Last Stop Biotech

OVERVIEW

A clinical-stage biotechnology company NKGen, developing innovative autologous and allogeneic natural killer (NK) cell therapies announced today that its Chairman and CEO, Paul Y. Song, M.D., has invested $2.65 million in cash. These proceeds aim to accelerate the Company’s Phase 2 clinical trial for Alzheimer’s disease, reduce outstanding payables, and support general working capital and public company compliance costs. Dr. Song acquired this influx of cash from the recent sale of another biotech venture he co-founded.

SNK01 is composed of natural killer (NK) cells derived from a patient’s blood. According to the company, NKGen can expand and activate a sufficient number of these cells from a single collection to support up to six months of treatment. The NK cells can be cryopreserved and later infused into the patient’s bloodstream to enhance the immune system’s response to potential underlying causes of Alzheimer’s disease. Unlike other cell therapies, NK cells carry a lower risk of triggering adverse immune reactions.

the clinical outcome

In the Phase 1 study conducted in Hospital Angeles in Tijuana, Mexico, researchers first examined whether patients tolerated the treatment. They also looked at the highest dose tolerated by patients in a dose escalation study to inform the Phase 2 study design. SNK01 is administered intravenously and appears to cross the blood-brain barrier into the cerebrospinal fluid (CSF), where it has been associated with reductions in beta-amyloid, tau, and alpha-synuclein— a protein commonly linked to Parkinson’s disease that can also build up in Alzheimer’s patients. Researchers at the clinical site had this report:

“There were no treatment-related side effects. “SNK01 was safe and well tolerated” and “appears to have clinical activity in [Alzheimer’s],” the researchers wrote in an abstract to the presentation. “A larger trial with a higher dosing/duration has been initiated.”
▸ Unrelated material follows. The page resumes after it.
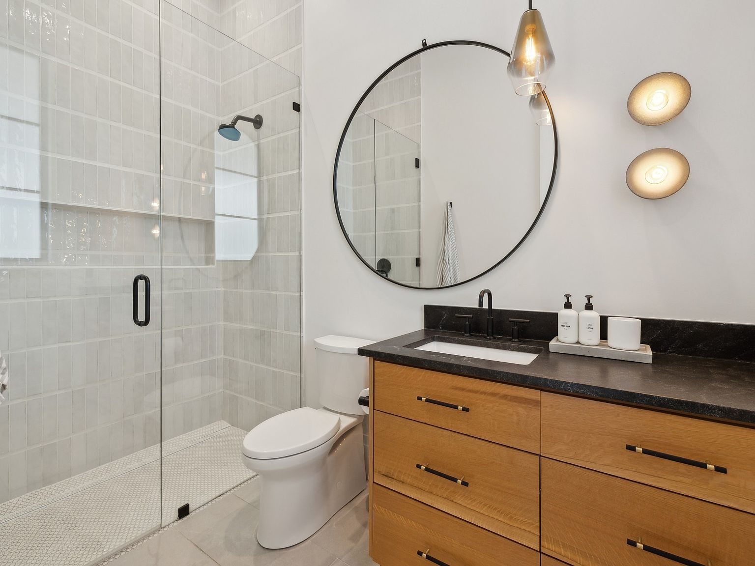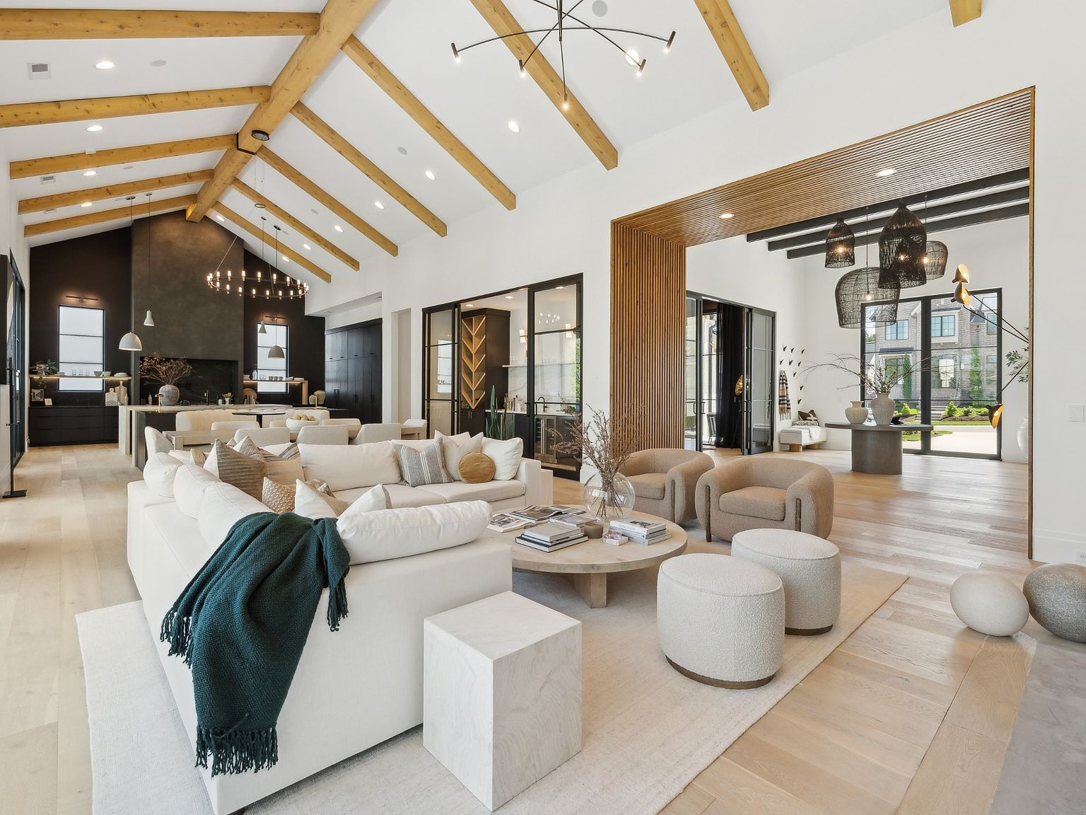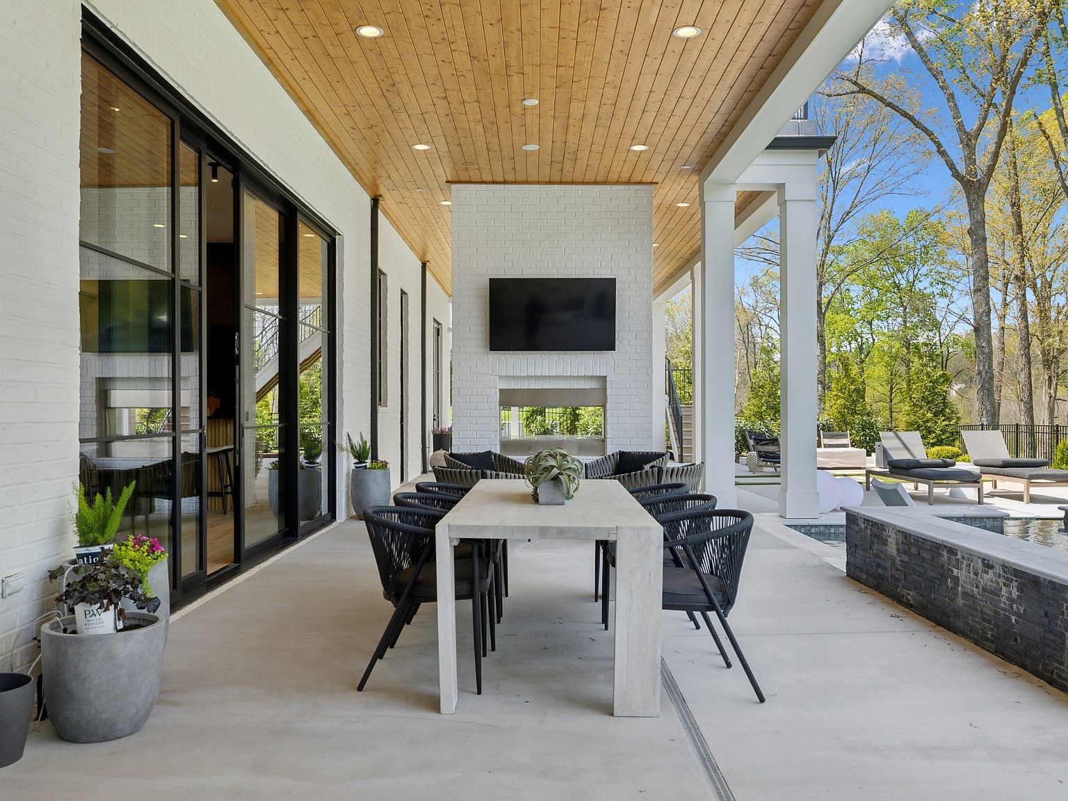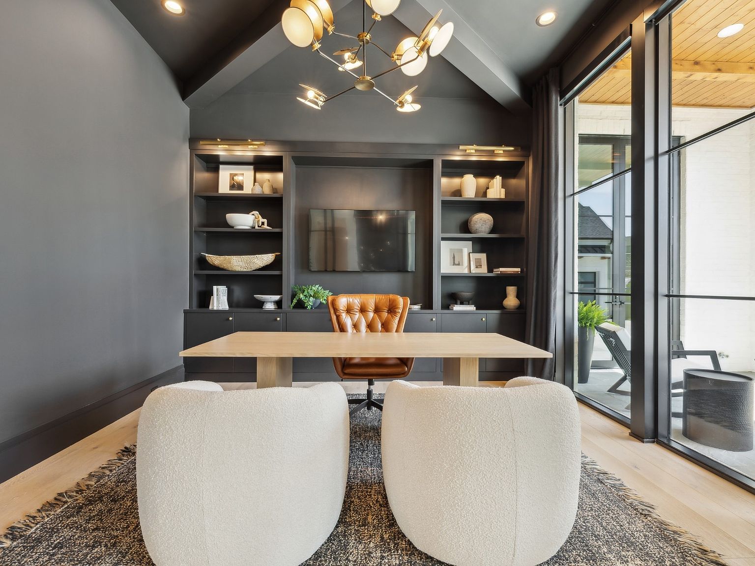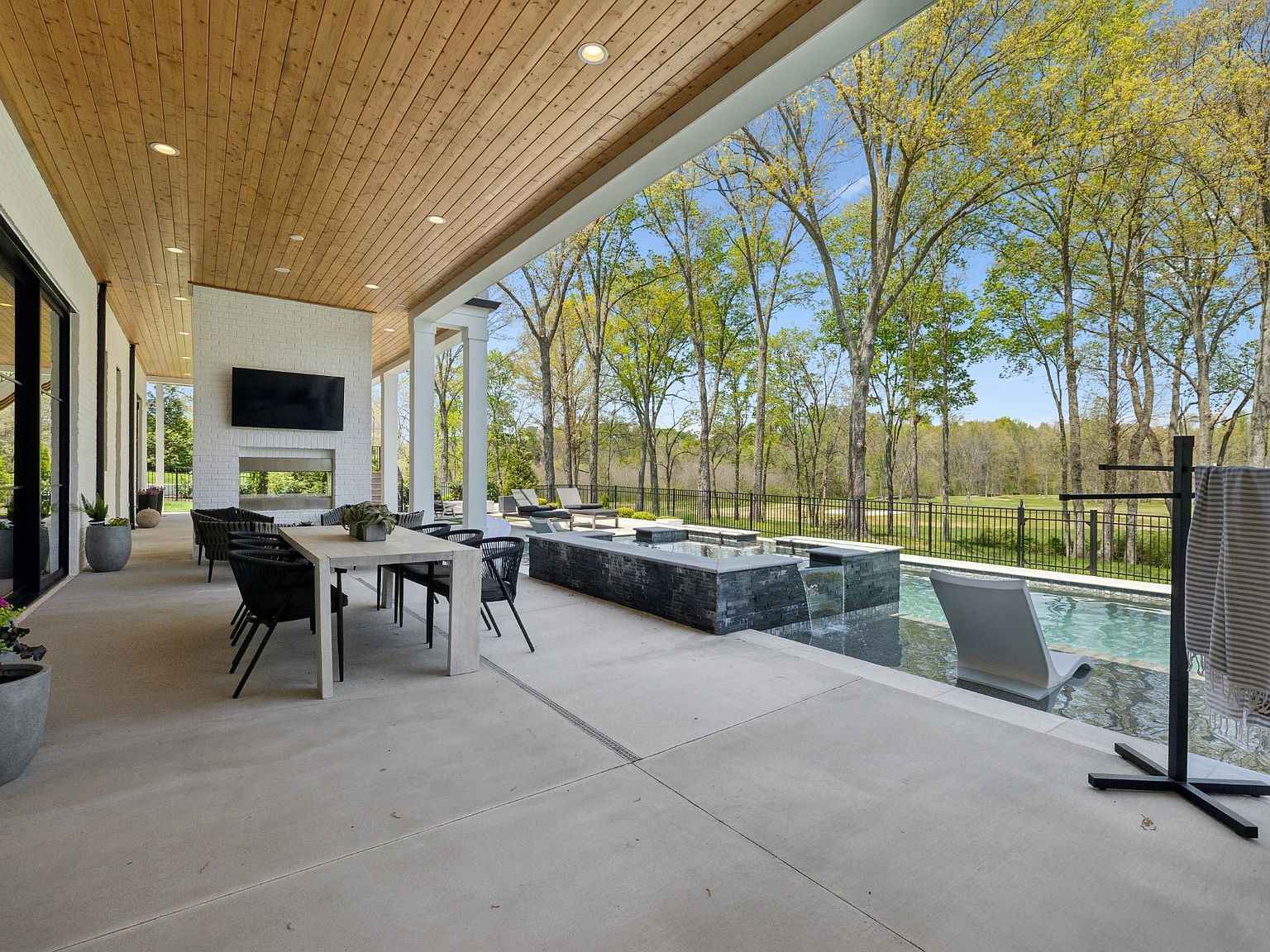Stunning, one of a kind luxury home perched on the 16th hole with jaw-dropping 180 degree golf course views. This 8950 sq ft, 5 bedroom, 5/1 custom home blends indoor and outdoor living across two floors with total privacy. Step through the front door and be greeted with soaring ceilings and a wall of 11 foot high glass sliding doors that draws you right into the heart of the home. The great room is made for living... cozy up next to the limewash plaster fireplace in the living area or head to the kitchen to make a meal, complete with double islands, a custom banquette and a show-stopping range hood. Mix a cocktail in the sleek metal and glass walled bar. The prep kitchen adds another element to your entertaining with an oven, refrigeration, second dishwasher, tons of cabinets and a full pantry. For a quiet place to work the office, just off the main entry, is framed by glass walls for the perfect mix of style and focus. The primary bedroom is your personal retreat with its own fireplace, private deck and a bathroom that's straight out of a spa, with double vanities and stand alone tub. There are four other specious bedrooms - one on the main floor and three on the lower level - perfect for families and guests. The laundry room has a charming Dutch door and dog wash for your furry friends. The lower level is an entertainer's dream... a massive living area for game nights, ping pong or just relaxing, plus a kitchenette. The media room has four built-in bunks and a projection screen, ideal for movie nights or kid sleepovers. No need for a gym membership either... the glass and metal walled workout space has a water bottle filler and you can unwind in the sauna or steam shower afterward. Outside has more than 1200 sq ft of outdoor living across two floors with a pool, hot tub, doubled sided fireplace, multiple lounge areas, and outdoor kitchen, screened in porch and a games spot with swings. This home has to be seen to be believed!

NKGen’s SNK01 recently got approved by its internal safety committee to proceed to Phase 2 clinical studies. NKGen’s initial proof-of-concept Phase 1 study was an open-label, 3+3 dose-escalation trial that evaluated the safety and biological activity of SNK01. Administered via simple IV infusion at doses of 1, 2, or 4 billion cells over four treatments, SNK01 was well-tolerated and demonstrated the ability to cross the blood-brain barrier. The therapy showed a dose-dependent reduction in amyloid, tau, and alpha-synuclein proteins and neuroinflammation. Notably, 90% of participants—with a median MMSE score of 14—either improved or maintained stable cognitive function, as measured by the Alzheimer’s Disease Composite Score (ADCOMS). This ADCOM indicates that SNK01 is one of those rare therapies that do more than slow down Alzheimer’s disease.

SNK01 is also being studied in clinical trials as a standalone therapy and in combination with other treatments—such as checkpoint inhibitors and cell engagers—for patients with advanced, treatment-resistant solid tumors. In February 2025, the FDA granted approval for the compassionate use of SNK01 in a patient with Parkinson’s disease.

NKgen’s CEO stands out

SNK01 is riding a large momentum wave and has showcased excellent efficacy compared to its competitors in Alzheimer’s disease. CEO Dr. Young’s reinvesting of 2.65 million dollars shows his confidence and faith in SNK01 as a breakthrough treatment for neurodegenerative diseases and valuable for patients suffering from various cancers. He had this to comment on his view toward recent developments for SNK01:

“We are excited to announce another important clinical milestone in our mission to advance SNK01 as the first potential disease modifying treatment of its kind for patients with more advanced Alzheimer’s disease,

The Phase 2 trial will utilize our cryopreserved SNK01 product given at the highest dose we have ever delivered, and for a full year duration.

To date, SNK01 has been found to be well-tolerated with no reported drug-related adverse events. We are also very encouraged with the clinical progress we have made to date in moderate Alzheimer’s disease research and look forward to generating additional significant clinical and biomarker data from our randomized placebo-controlled Phase 2 trial.”

Amidst the graveyard of failed therapies for Alzheimer’s disease, SNK01 appears to be one of those rare shining stars that might have what it takes to clear Phase 3. Treating neurodegenerative diseases comes with many serious challenges that are not seen in other disease designations; one can get your drug payload across the blood-brain barrier (BBB) in enough amounts to alter disease progression. SNK01’s ability to infiltrate the BBB without causing adverse patient outcomes and showing efficacy is a great sign.